I was asked not too long ago if I’d ever had the experience of hunting in the northern parts of this country, or to be more specific, in the James Bay region. My answer is yes, and it wasn’t that long ago and it wasn’t in a galaxy far, far away.
It was on the northeastern side of The Bay, just outside the community of Chisasibi. I happened to have some time on my hands, and decided to make the trip to the community and visit with the friends I’d made on a previous visit.
It was a bit of a long drive but it was worth it.
The trees and rolling hills had been covered in ice and snow for quite a while by the time I got around to rolling into town. Yes, I was prepared for the cold, and had brought my winter clothes and my trusty old ski-doo suit, not to mention my Indian version of the old fruit of the looms my life-saving rabbit-fur-lined long underwear.
I was ready for anything, and my old war pony made the trip without freezing up and leaving me stranded. My friends were happy to see me and we sat around drinking tea like it was going out of style. They told me all sorts of stories of life in the community, and I shared a strange and twisted version about my home base. There were some good down-home laughs and, of course, the traditional teasing of the visitor.
Wild meat was on the table at most meals, and that was fine with me. I can eat that stuff until the cows come home. In fact, if the cows come home. I’d still prefer wild meat. These folks knew the way to my heart and took care of me like I was one of the family. In fact, I almost didn’t come home. I liked the way folks live up there and could have easily adjusted to the Cree way of life, but I had to come back to work.
Before coming back to North Bay I hinted that I would like to bring some caribou meat back with me. Hinting was the easy part, but by hinting I found out how things work in that community. These folks have quite a sense of humor, especially when they let it all hang out. After my hint came the response. In no time flat I found myself on the back of a ski-doo sailing across a frozen lake in the middle of a sub-zero snowstorm. Thank the Creator for my rabbit-fur-lined briefs.
I’m not too sure how far we drove because I was too busy checking out the terrain and doing the scouting thing. But we did drive for a while before coming to the lake. We didn’t have to travel very far on the frozen-snow-covered late before we noticed them. Them, being a herd of about 15 caribou nestled on the small island that was tucked into a corner of one of the bays of the frozen lake, about a half-mile from where we were. I was instructed to jump off the ski-doo and load up the rifle, which in this case was a .22 magnum.

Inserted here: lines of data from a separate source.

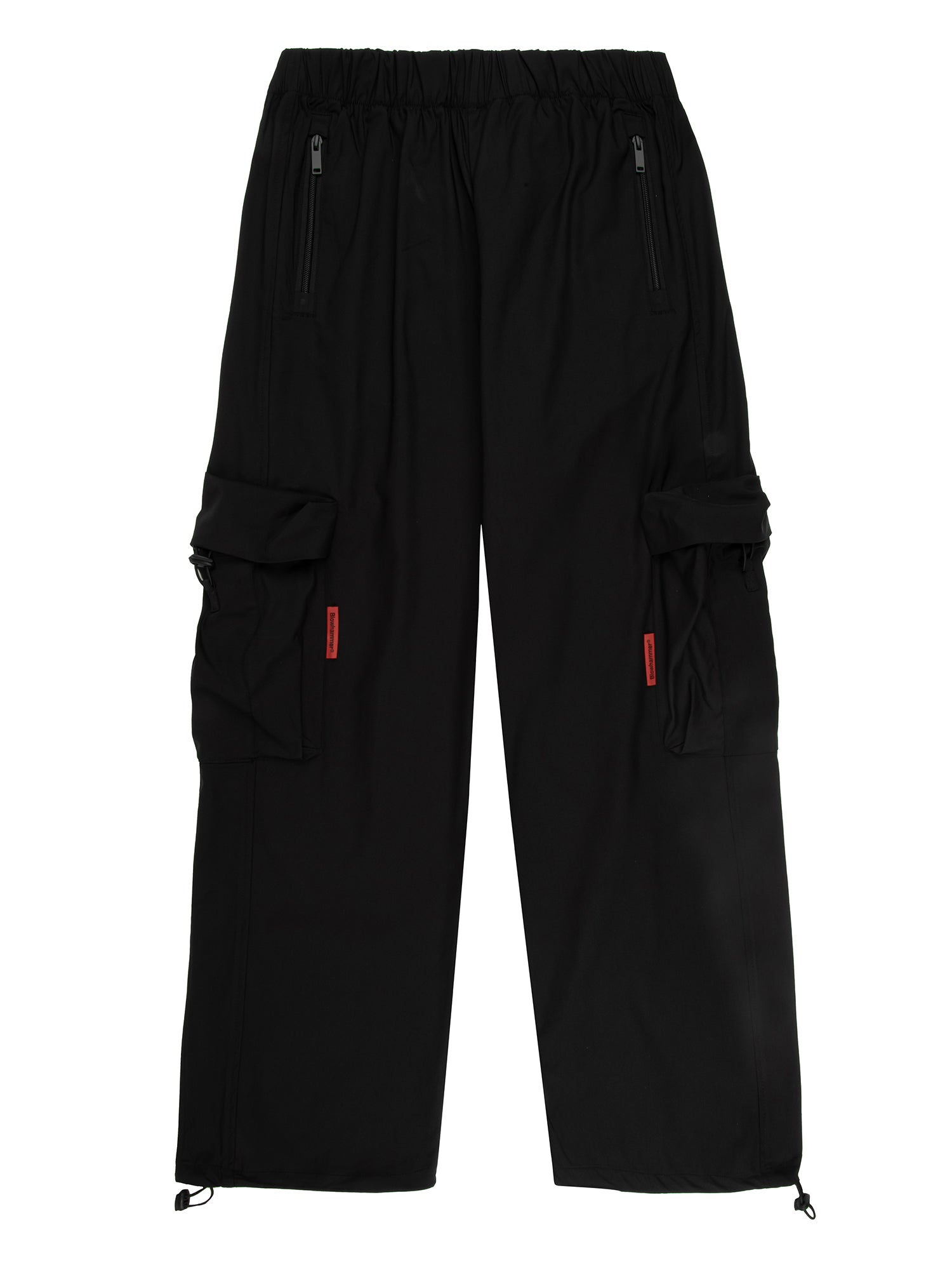 Verstelbare elastische tailleband. Zijzakken met rits. Zakken op de benen met stopper. Verstelbare enkelboorden. Aangebrachte gevouwen label.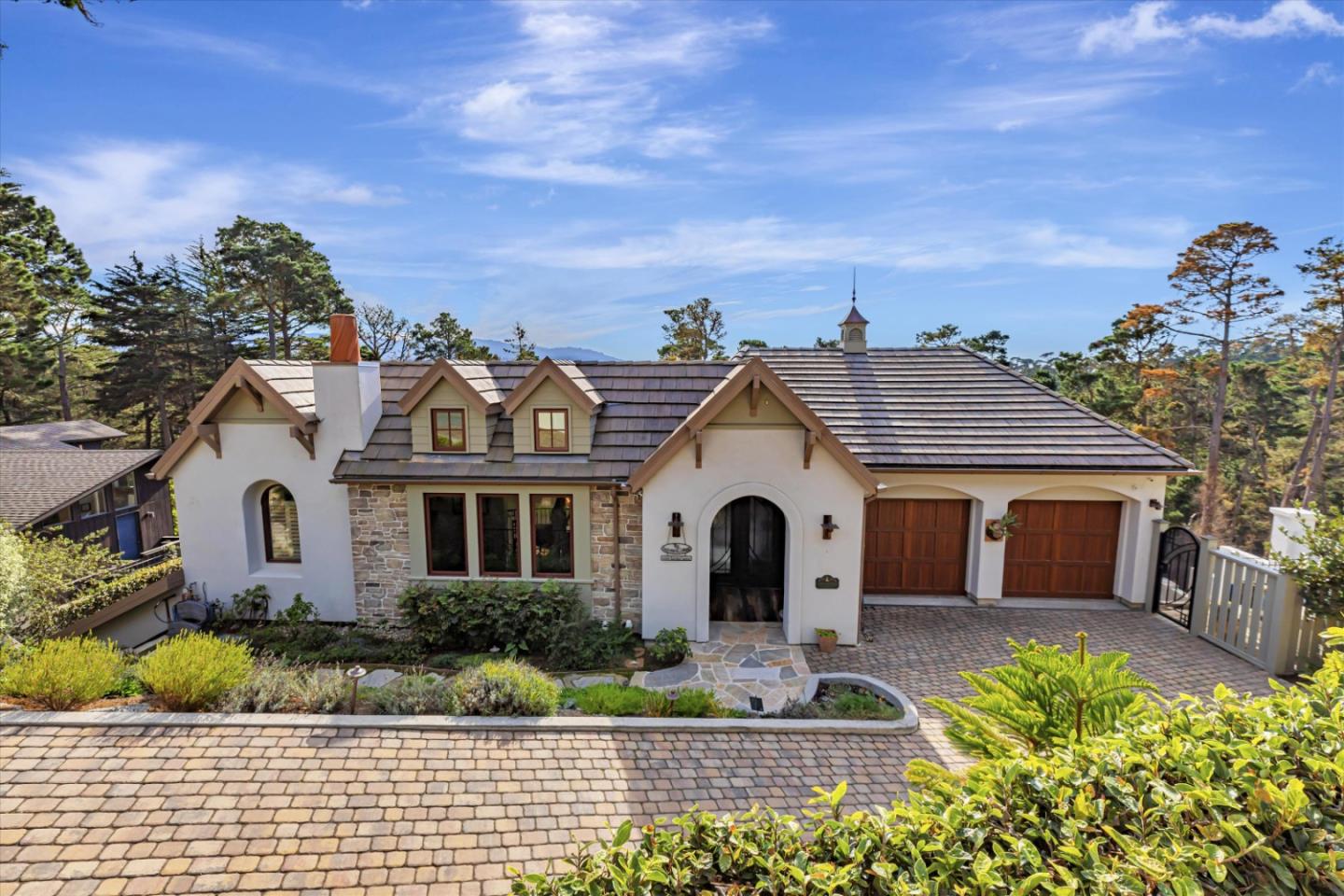Built in 2017 by its architect owner, this European-style country home in the prestigious Pebble Beach community was thoughtfully designed to maximize serene views of the Del Monte Forest and elevate outdoor living. Just 1/2 mile from the Pebble Beach gate, it blends timeless architecture with modern conveniences in a private yet accessible setting. The home features a large 702-square-foot primary suite on the main level, two en-suite bedrooms on the top floor, a guest bathroom, and inviting spaces throughout that exude comfort and elegance. A roughed-in elevator offers the potential for future accessibility, adding to the homes thoughtful design. Natural materials, including wood and stone flooring, add to the warmth, while Venetian plaster graces the interior walls, showcasing artisanal craftsmanship. Large windows frame unobstructed forest views, immersing you in natures tranquility, while wildlife sightings from the stone patio add to the sense of serenity. With seamless access to scenic walking trails, this unique property offers an unparalleled lifestyle in the heart of Pebble Beach.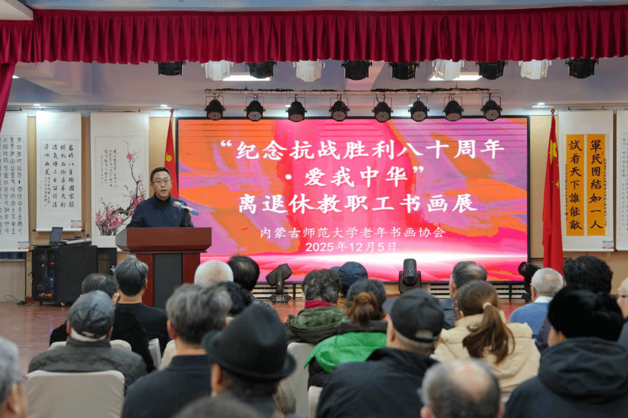 本网讯 12月5日下午,由beat365官网离退休教职工工作处、老年书画协会联合举办的“纪念抗战胜利80周年·爱我中华”离退休教职工书画展在师悦楼离退休教职工活动中心开展,党委副书记斯钦出席开幕式并致辞。自治区老年书画协会、《内蒙古老年体育》杂志及相关企事业单位负责人和beat365官网离退休教职工代表参加活动。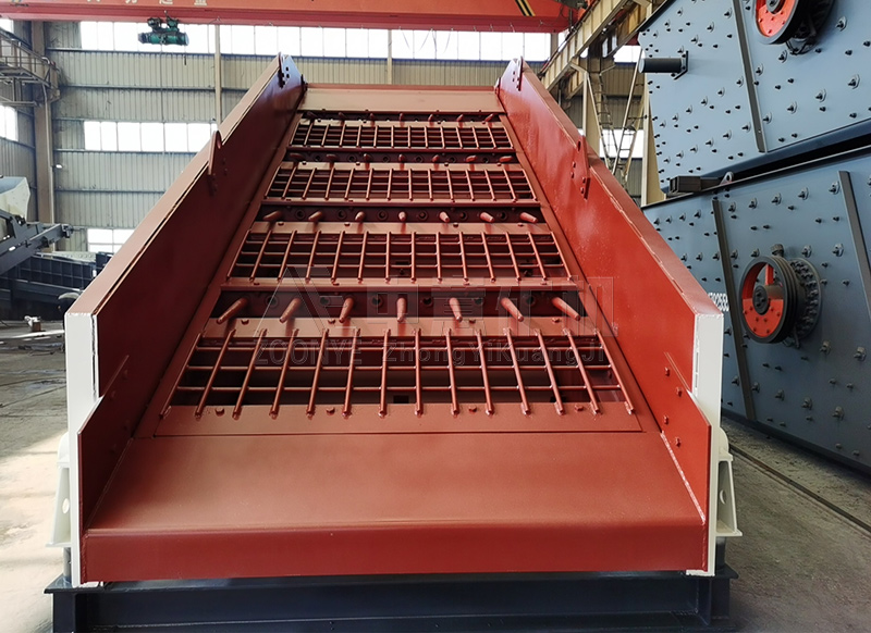 2、棒條式振動(dòng)篩機(jī)體:采用板材、型材焊接而成,其作用是將來(lái)料通過(guò)振動(dòng)輸送到破碎機(jī)。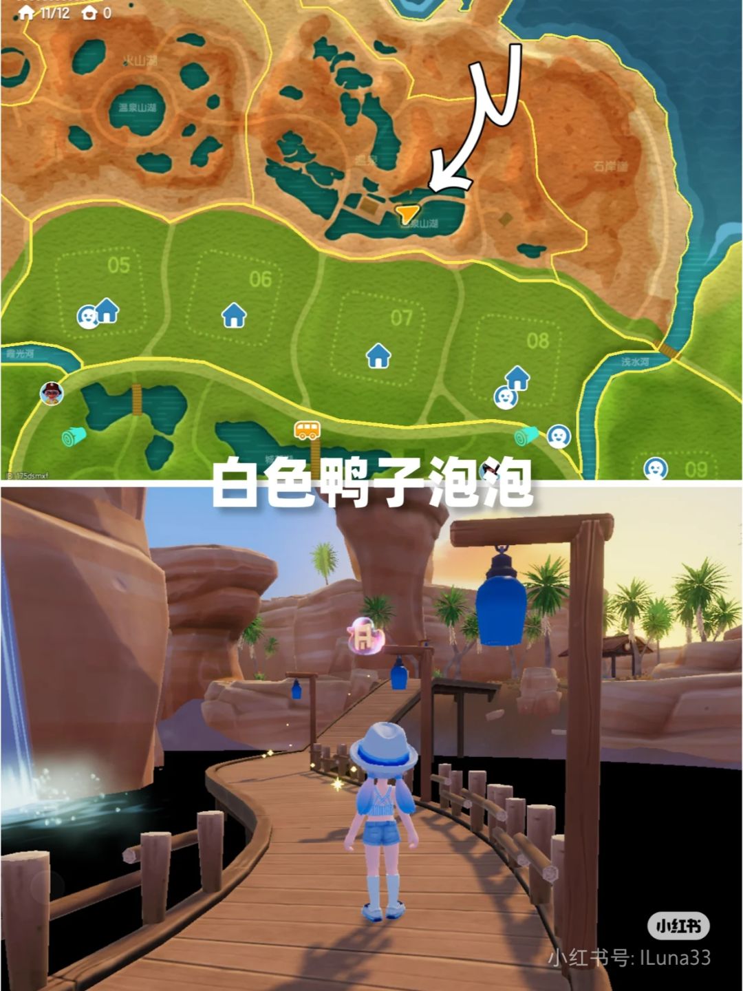 5.今日小黄鸭位置:茶色鸭子泳池背面!白色鸭子泡泡在温泉山湖桥上!

So, there I was standing on the frozen like in the middle of the snowstorm with no cover except the small snow bank about 100 feet from where I was standing. I decided to crouch down as low as I could get and see what my guide was up to.
He made a wide circle around to the far side of the small herd caribou, and then I just watched as he stampeded them towards me. Well, this got my adrenaline going because I was not used to having a herd of these animals coming straight at me and I didn’t know what to expect next. With my adrenaline stretched to the max, I found sitting still behind my little snow bank was no longer an easy task.
As soon as the herd was within the 100-yard mark of where I was sitting, I jumped up and picked out a target. I also had to make sure I didn’t blast my guide out of his saddle at the same time. As soon as my target was in a position to make my shot dearly, I opened fire.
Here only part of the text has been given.